There are minor variations of those four lines in circulation. They are the wittiest and best-loved summing-up in verse of the British tradition of journalism – at its best, still the world’s finest, in our opinion, which might have been influenced by sprinkling with  baptismal water in this branch of the craft. Long before then, the poem was on a page of a school poetry textbook to which some of us, at post-Gutenberg, often turned for relief from galumphing deconstructions of poems unfortunate enough to have been put on the syllabus.

Will Robert Redford find a way to include Humbert Wolfe’s 1920s quatrain in his script — if there is any substance in the speculation about him giving Leveson and the phone hacking scandal the Hollywood treatment? A Redford film about the Inquiry — showing us what an outsider makes of the Icelandic saga it has become — could be a treat. A clip from a BBC interview with the actor-director in April is irresistible. His tone becomes wondering, almost awed, answering a question about his impressions on a first visit to London for 30 years:

I come here and I watch the Leveson Inquiry. And whatever’s going on — I’m sure there’s some savage stuff going on — but it’s done in such a dignified, calm, graceful way that I think, gee! this is really fascinating. Somebody’s killing somebody, here, but you’d never know it.
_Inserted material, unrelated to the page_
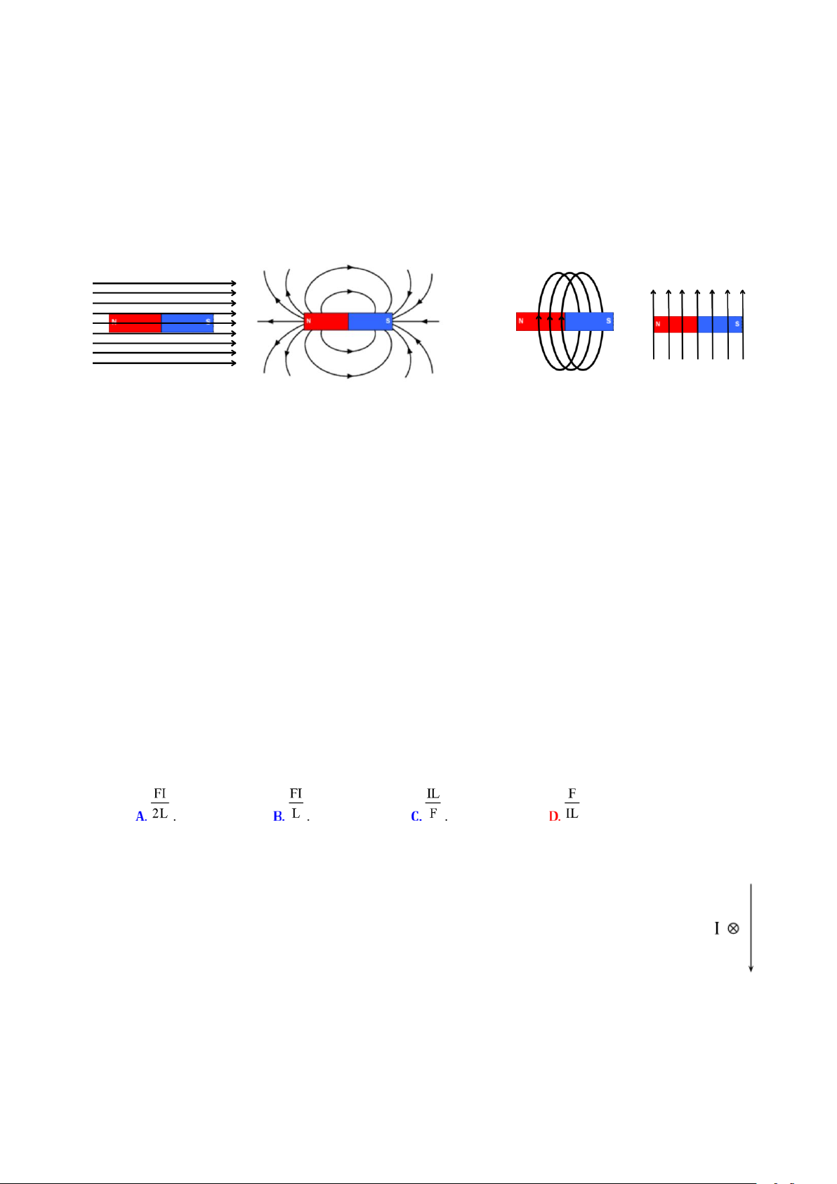Câu 9. Biểu thức tính lực từ tác dụng lên đoạn dòng điện là A. BI𝑙 I𝑙 B F = B. F = C. F = BI𝑙. sinθ D. F = sinθ B.sinθ I𝑙sinθ

Italian-born Humbert Wolfe
wrote the most famous poem
about British journalism.
Photograph: National Portrait Gallery

The poet Humbert Wolfe also had a stranger’s acute powers of observation. He was born in Milan. His mother started life as Consuela Terraccini. His pen strokes captured the journalism and journalists of his adopted country while he worked at a day job in its civil service.
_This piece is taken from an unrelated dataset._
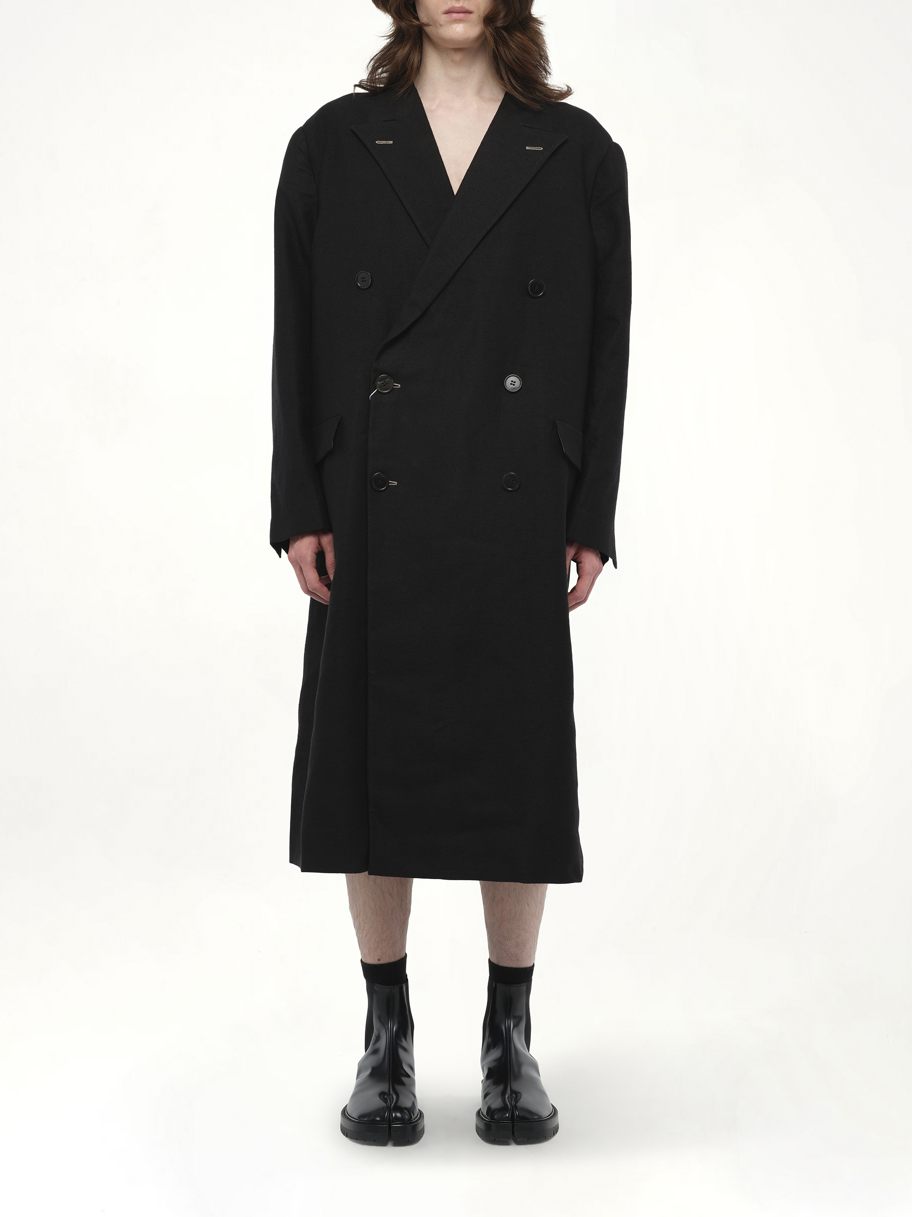 Maison Margiela's Long Coat in Black is a sophisticated piece that exudes timeless elegance and modern style. Perfect for any occasion, this coat is a must-have addition to your wardrobe.

But even if one of Redford’s most famous roles was in All the President’s Men (1976) — playing the Woodward half of Watergate’s heroic ‘Woodstein’ partnership at The Washington Post — it is not the British press but the lawyers and gracious conventions of British law in action that captivated him. At a press conference on the same trip, a reporter asked if he was watching the proceedings and ‘hoping for the return of proper investigative journalism’ – following his complaints elsewhere about the increasing ‘triviality of media’. He replied:

I’ve been very impressed with the dignity and elegance with which the process has gone forward. People take their time speaking. And in my country, things have become so accelerated and … so hyped up. … It’s sad for me to see because it blurs this more important part, which is, where are we going to find the truth? The democratisation of the internet has actually made truth harder to find — along with its positives.

Somehow, that vital qualification of his disappointment with democracy on the net was dropped from the Independent’s report of his remarks, with no indication of any omission. That paper, like the other broadsheets, never stops copying King Canute straining to command the sea to roll backwards – in its case, the evil digital sea of change obliging the 4th Estate to share its megaphone with new rivals.

Actually, Lord Justice Leveson and his chief counsel for the hearings, Robert Jay, have often struck post-Gutenberg as a brilliant pairing. In their uncannily well-coordinated forensic interrogation, they function like a legal Woodstein – even if not technically working as partners but in their distinct and separate roles. The background to their bravura performance could be an engaging part of the story, whenever Redford or someone else digs into it.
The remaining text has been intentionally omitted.